For the instances that do find yourself with a Bloom filter hit, the TimeSeries servers lookup the wide_row metadata to see learn how to learn a selected broad partition:
{
"pre_split_data": {
"time_slice": "data_20260328",
"time_series_id": "6313825", → What to learn
"time_bucket": 0,
"event_bucket": 2
…
},
"post_split_data": {
"time_slice": "wide_data_20260328_0", → The place to learn it from
"event_bucket_partition_strategy": { → Technique to delegate to for studying
"target_event_buckets": 2,
"start_event_bucket": 32 → How ought to the technique learn it
}
…
}This metadata learn is backed by a read-through cache, making it fairly performant:
Lastly, the reads for the cut up partitions are delegated to our present PartitionReader, which reads N smaller partitions in parallel, somewhat than 1 massive partition, enhancing general efficiency and stability!
Fallbacks
The prevailing broad partition from the unique time slice isn’t deleted. This helps us in creating protected fallbacks in many various situations of partial failures and eventual consistency. The marginally bigger cupboard space we use consequently is well worth the operational security we achieve.

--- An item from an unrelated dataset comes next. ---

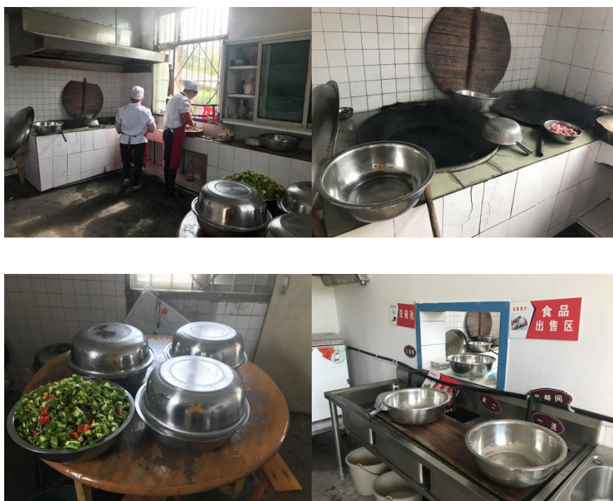
图 4 厨房整体及局部环境卫生情况组图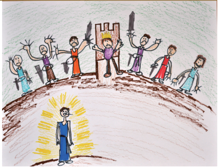
브룩스 엘, 8세, 미국 플로리다 주

Constructing Extra Confidence
Serving incorrect reads can be disastrous. To ascertain belief past checksums, we leveraged extra mechanisms reminiscent of:
- Utilizing our present Knowledge Bridge pipelines to confirm splits offline:
- Implementing a phased rollout technique to soundly advance by way of phases as our confidence within the system grew:
A crucial a part of this phased rollout was the Comparability section, which in contrast bytes served by outdated learn path and the brand new learn path whereas in shadow mode:
Outcomes
On account of these dynamic splits, we see an enormous enchancment within the common learn latency of most broad partitions, bringing it down from seconds:
to low double-digit milliseconds!
Tail latencies of studying broad partitions dropped from a number of seconds:
to round 200 ms or higher:
leading to a drop in learn timeouts:
Total, this has resulted in a extra steady Cassandra cluster with decrease CPU utilization and little to no thread queuing:
Additional, for excessive broad rows, the place a dataset would face fixed timeouts and unavailability blips, the service was in a position to paginate and question 500MB+ partitions whereas remaining accessible:
grpc … com.netflix.dgw.ts.TimeSeriesService/SearchEventRecords -d
'{"namespace": "...",
"search_query": {...},
"time_interval": {
"begin": "2026–05–11T23:42:51.484398Z",
"finish": "2026–05–12T00:13:50.694205Z"
},
"pageSize" : 1000,
}'
# Response:
{
"next_page_token" : ….,
"data": [
{
…
}
],
"response_context": [{
"namespace": "...",
…
# Trades elevated latency for being available
"time_taken": "41.072410142s"
}
]
}Conclusion
There may be extra work deliberate round this characteristic, like splitting mutable broad partitions, or re-processing beforehand failed splits, however this has been a profitable begin in enhancing service efficiency and decreasing our assist burden.
Additional, we want to spotlight some key classes that we realized at totally different factors on this journey.
- Decreasing Floor Space: As a primary step, discover less complicated options that may nonetheless ship significant impression. Additionally, decreasing the floor space of a fancy change and deploying incrementally pays off operationally.
- Constructing Confidence: Make investments time and sources to construct confidence in new options, particularly when justified by the characteristic complexity, deployment blast radius, and/or potential impression.
Acknowledgements: Particular due to our beautiful colleagues who additional contributed to this characteristic’s success: Tom DeVoe, Chris Lohfink, Sumanth Pasupuleti and Joey Lynch.